Doty kept his official diary in three pocket notebooks, making an entry almost every day. We present here each of those entries on the same day, this year, on which he wrote it in 1820. Due to their length, we have edited most entries; to see the complete text of any day's account, use the links provided in this box. Spelling and punctuation have occasionally been silently edited here to facilitate easy comprehension by non-specialists, but we have generally preserved Doty's archaic usage and idiosyncratic spellings.

With each entry, we also include commentary, quotes from other contemporary sources, links to a Google map showing the party's location each day, and links to images of the original manuscript and the 1895 printed edition of the diary. Readers wanting to quote from Doty's journal should verify their texts through these images rather than follow the electronic text on this page.

The original pocket-sized journal volumes are in Box 1 of the Papers of James Duane Doty (Wis Mss DD) at the Wisconsin Historical Society. The printed text is from Wisconsin Historical Collections, vol. XIII (Madison: State Historical Society of Wisconsin, 1895): 163-219.

Because Doty left two large gaps in his notebooks, we have quoted liberally from the journal kept by one of his companions on the trip, Henry Rowe Schoolcraft. Excerpts from Schoolcraft are taken from his Narrative Journal of Travels through the Northwestern Regions of the United States… performed as a member of the expedition under Governor Cass in the year 1820 (Albany : E. & E. Hosford, 1821), as reproduced online at the Library of Congress American Memory Project.

Finally, you can have each day's entry delivered to your personal Web page through an RSS feed simply by clicking "Subscribe to This Feed."
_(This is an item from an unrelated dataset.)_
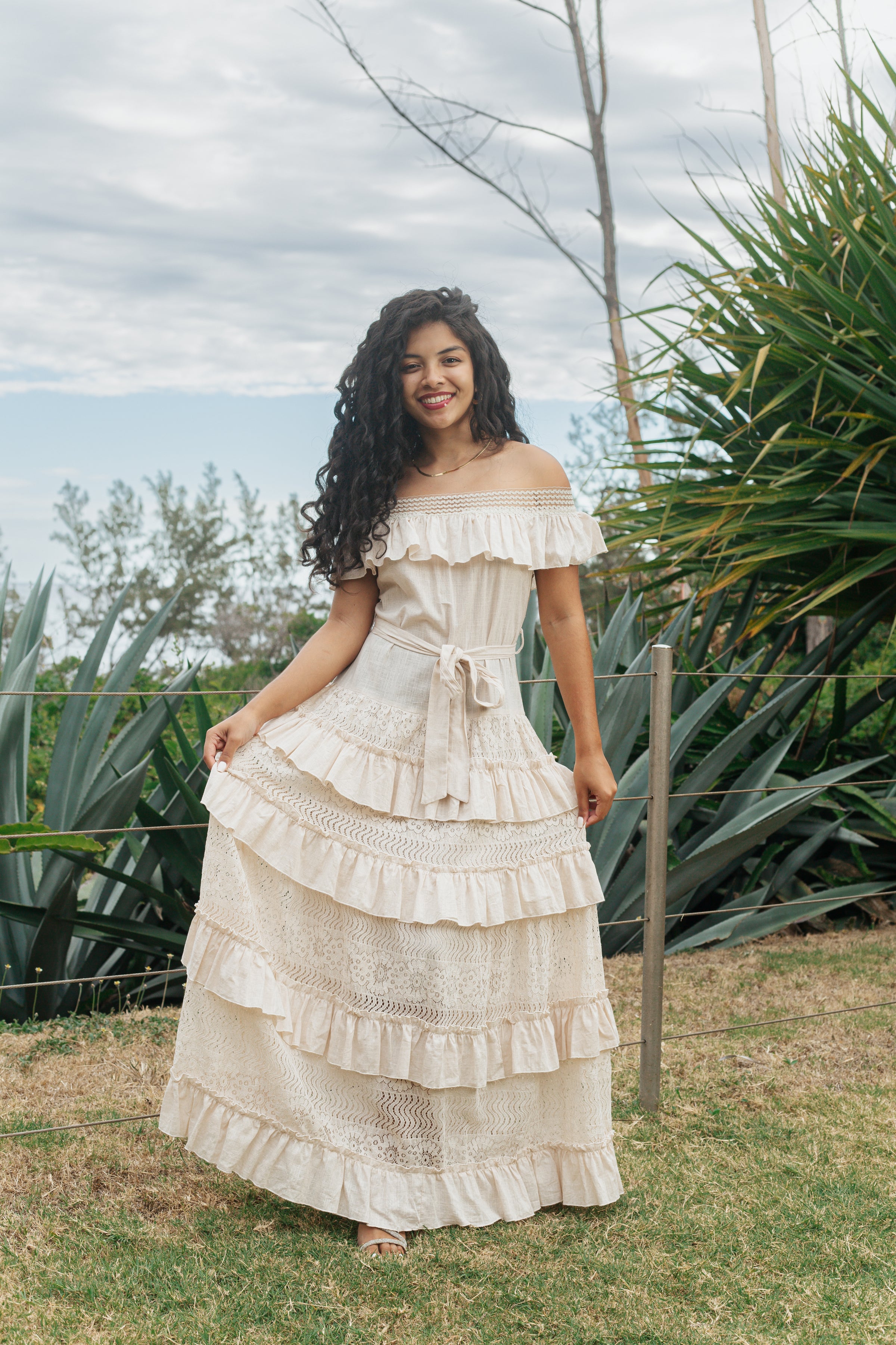 Découvrez la ROBE ALBA, une création intemporelle qui capture l'essence du style espagnol avec élégance. Cette robe longue séduisante allie volants dramatiques et dentelle raffinée pour une silhouette flatteuse et romantique. Les manches volantées sur les épaules ajoutent une touche de féminité captivante, tandis que la dentelle délicate crée une texture sophistiquée. Parfaite pour les occasions spéciales, elle transforme chaque moment en instant mémorable. Laissez-vous charmer par ce mélange harmonieux de tradition et de modernité qui vous mettra en valeur.

View Doty's handwritten journal

View the printed 1895 edition

This Expedition is fitted out at the suggestion of Gov.Cass by the Secretary at War, Mr. Calhoun. Its objects are understood to be the attainment of certain information of the moral & physical situation of the Northern Indians, their divisions, names, important men, of what numbers the tribes are composed, the country and its extent which they inhabit, and their history, manners and customs, as also what their feelings and dispositions are as respects the United States & Great Britain.


The topography of the country is to be accurately observed and noted and [we are to] collect all the information possible necessary to form a complete map of this section of the Union.


Eligible sites for forts are to be selected and purchased, and particularly one at the Sault de Ste Marie.


The geological and mineralogical aspects of the country are to be examined, especially the copper mines, lead mines and gypsum quarries, their quality and quantity, and the facilities of obtaining them.


To effect these objects such route is to be pursued as shall be deemed most advantageous after having arrived at the head of Lake Superior. To ascertain the sources of the Mississippi may be considered another object.